- [Problem description]: Begin with the line below holding "23Я делала зимой" and go on through the line holding "- Emergency SOS", duplicating each line exactly and leaving out pictures.

>>>

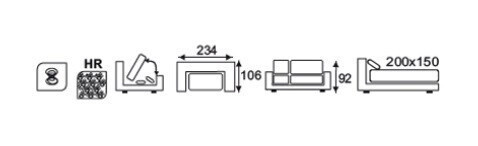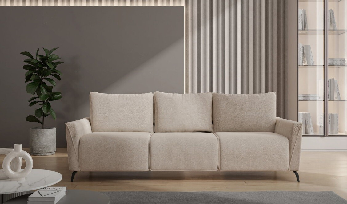 Pohovka MANILA, trojmístná pohovka je rozkladatelná s úložným prostorem. Výplň sedáku tvoří vysoce elastická HR pěna a pružiny bonell. Pohovku zdobí nožky v černé barvě. Moderní mechanismus umožňuje rozložit pohovku do polohy na spaní mírným nadzvednutím sedáku a posunutím dopředu.
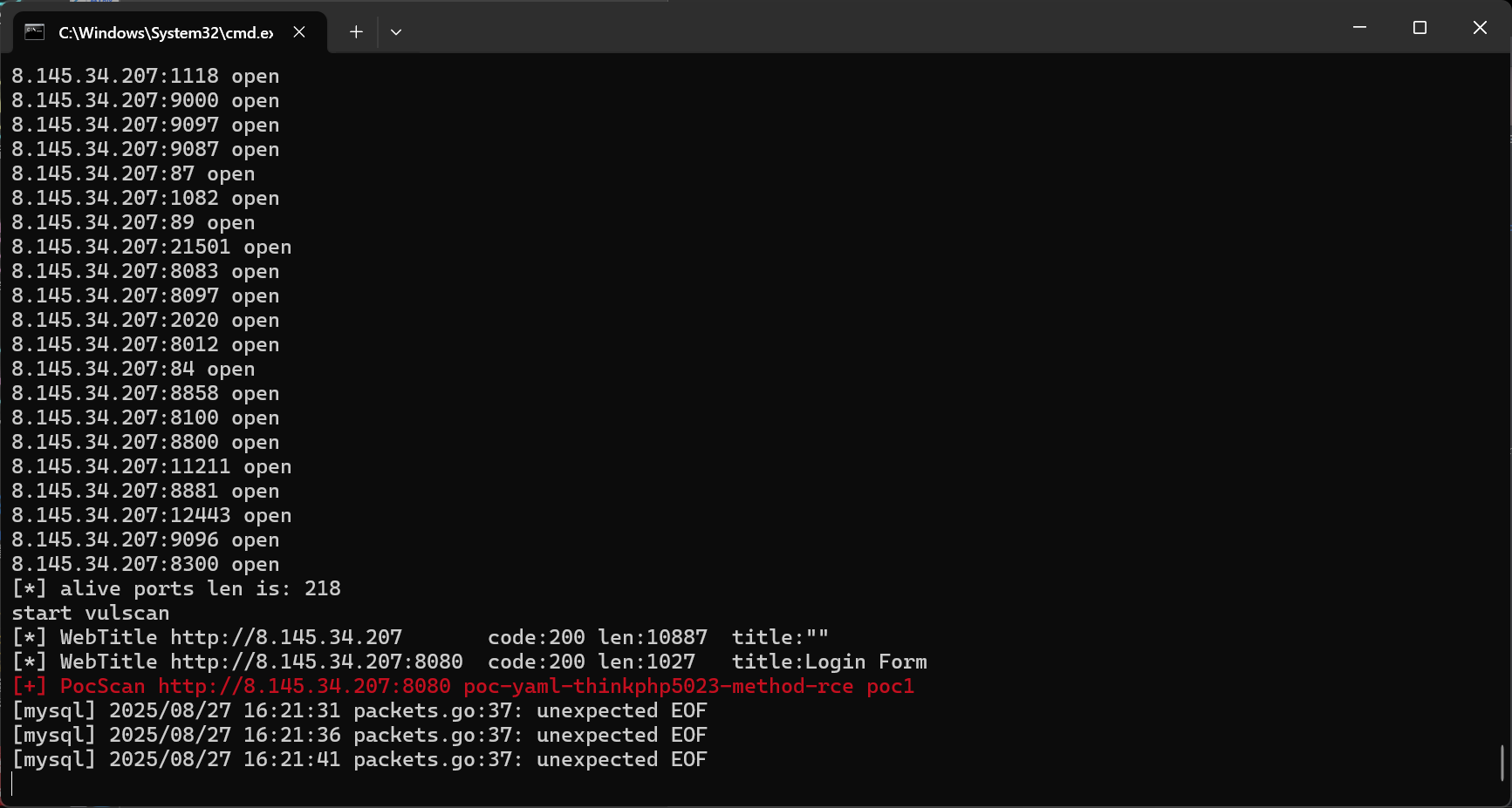 fscan.exe -h 8.145.34.207
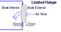 With this option the grille extends 70mm to the exterior of the vessel and only 30mm protrudes into the air ducting. This achieves the least restrictive passage within the air ducting. It is recommended that this arrangement is utilised in any restricted airway so as to maximise air flow.
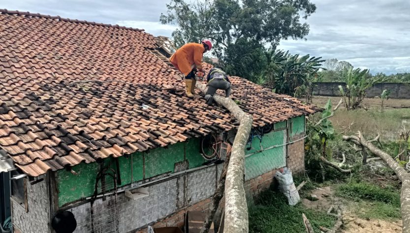 “Kami terima laporan dari sekdes di sana, ada rumah warga yang tertimpa pohon. Atas laporan itu, tim langsung terjun kelokasi untuk melakukan evakuasi.” Bebernya kepada media
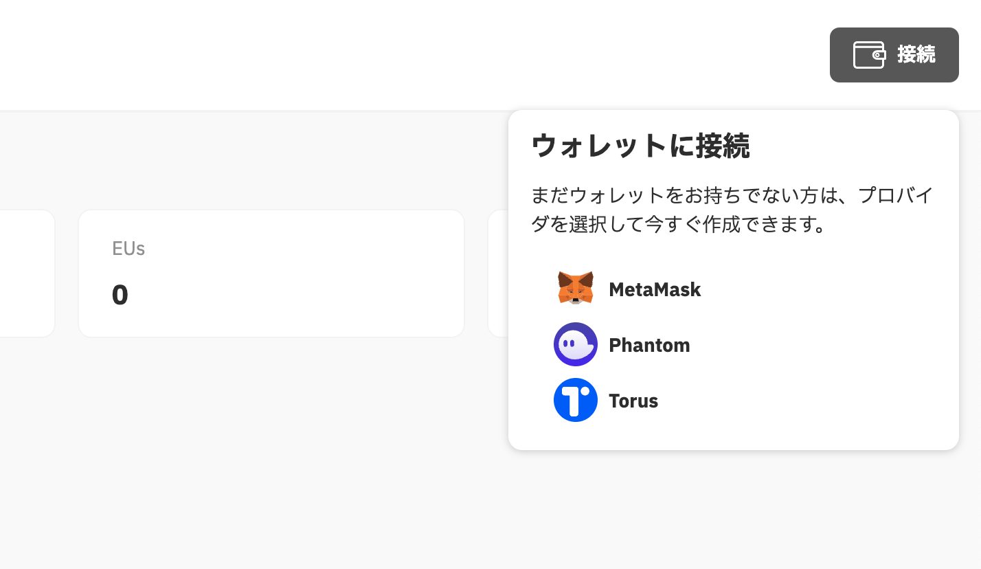 ## 2. ウォレット接続 <a href="#connect-wallet" id="connect-wallet"></a>
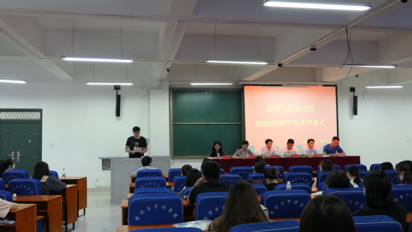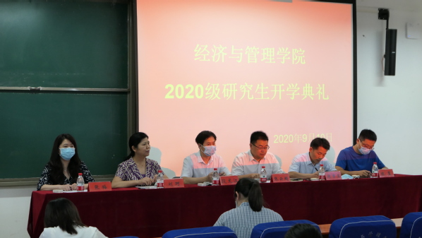 20209月10日下午,经济与管理学院2020级研究生开学典礼在经管楼211教室隆重举行。校党委研工部副部长、校研究生处副处长段龙江和学院领导张云超、刘珂、陈章美、张梅出席会议。学院研究生管理办公室、MBA和MPAcc教育中心老师,研究生导师代表及2020级全体研究生参加会议。会议由学院党委书记张云超主持。
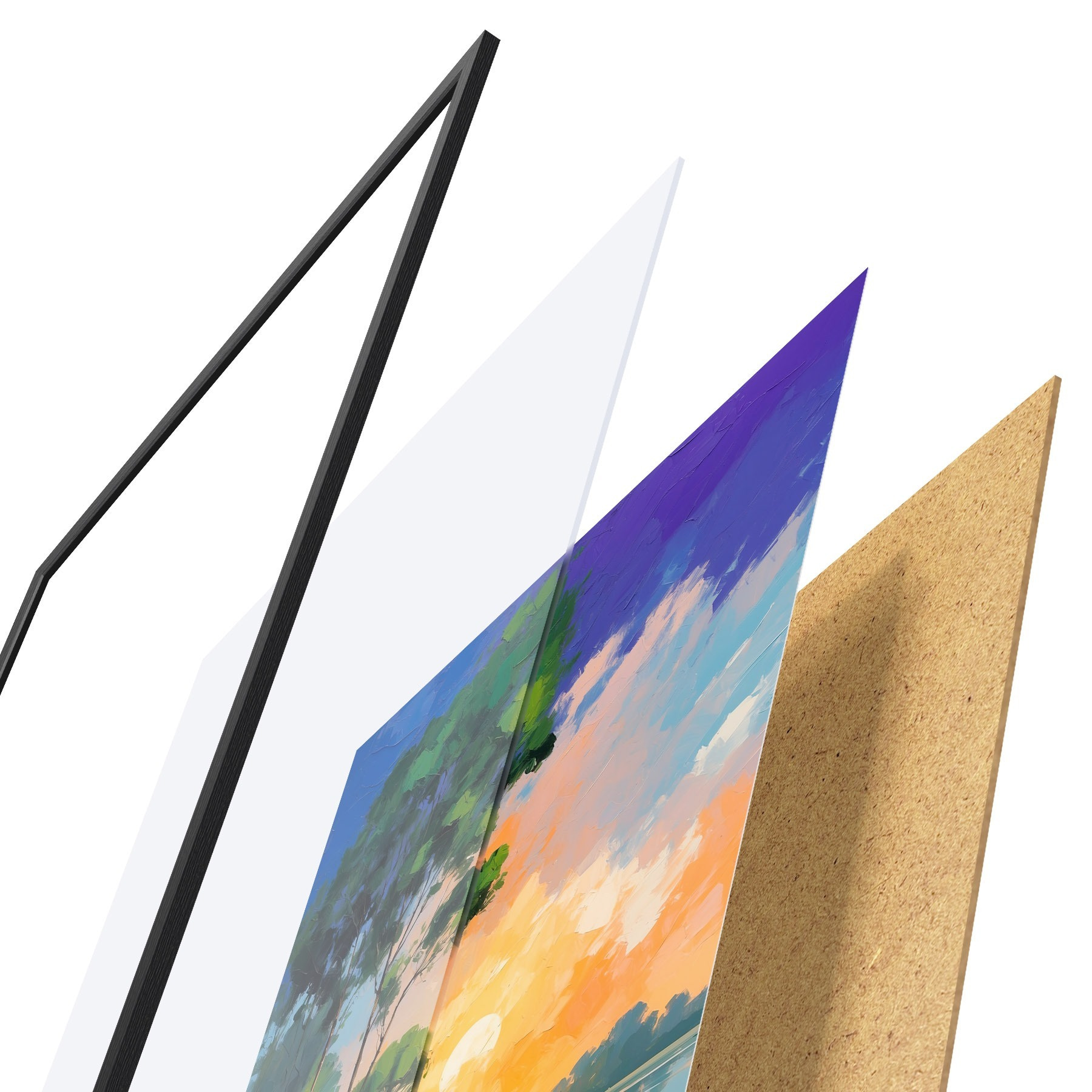 Plakát se skládá z rámu, plexiskla, tištěného obrazu a dřevotřískového podkladu. Díky úchytům na zadní straně lze plakát ihned zavěsit na zeď.
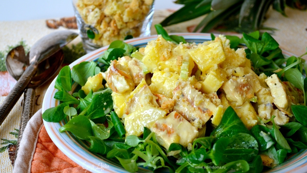 23Я делала зимой такой салат с" Магги на второе. Куриная грудка в листах ", по-моему был какой-то конкурс, где обязательно должно было быть "Магги". 😉 И ананасы там использовались консервированные, да и посыпки крошкой в том рецепте у меня не было. Думаю, что ваш вариант салата должен быть ещё лучше. 😃
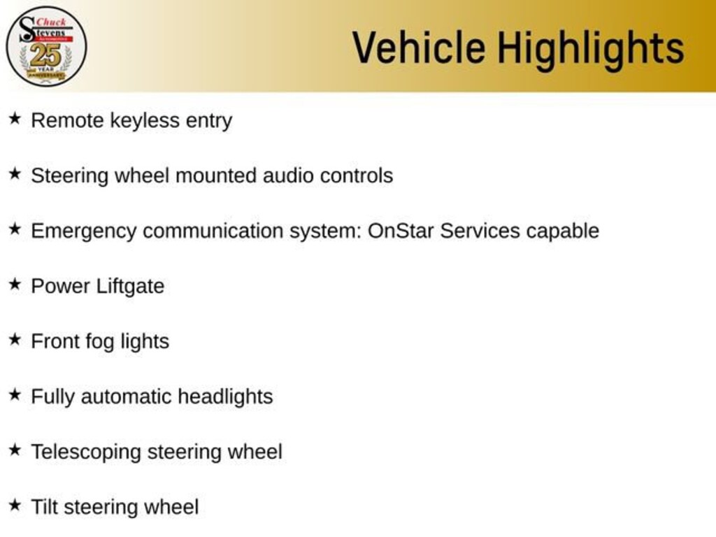 - Emergency SOS Capable : OnStar Services capable vehicle integrated emergency SOS system
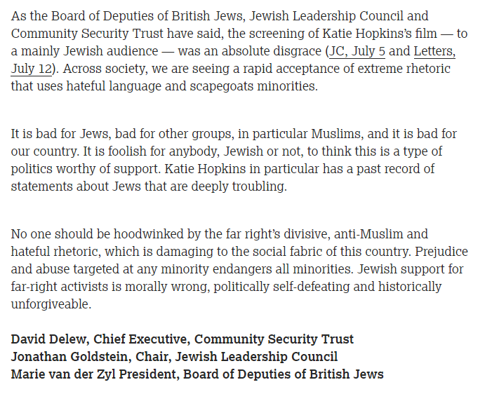 @JewishChron today, with@JLC_uk &@CST_UK, we repeat our condemnation of Katie Hopkins' vile, Muslim-baiting film, and say: "Jewish support for far-right activists is morally wrong, politically self-defeating and historically unforgiveable."pic.twitter.com/zUad4LYi5u

<<<

- [Answer to the problem]:
 23Я делала зимой такой салат с" Магги на второе. Куриная грудка в листах ", по-моему был какой-то конкурс, где обязательно должно было быть "Магги". 😉 И ананасы там использовались консервированные, да и посыпки крошкой в том рецепте у меня не было. Думаю, что ваш вариант салата должен быть ещё лучше. 😃
 - Emergency SOS Capable : OnStar Services capable vehicle integrated emergency SOS system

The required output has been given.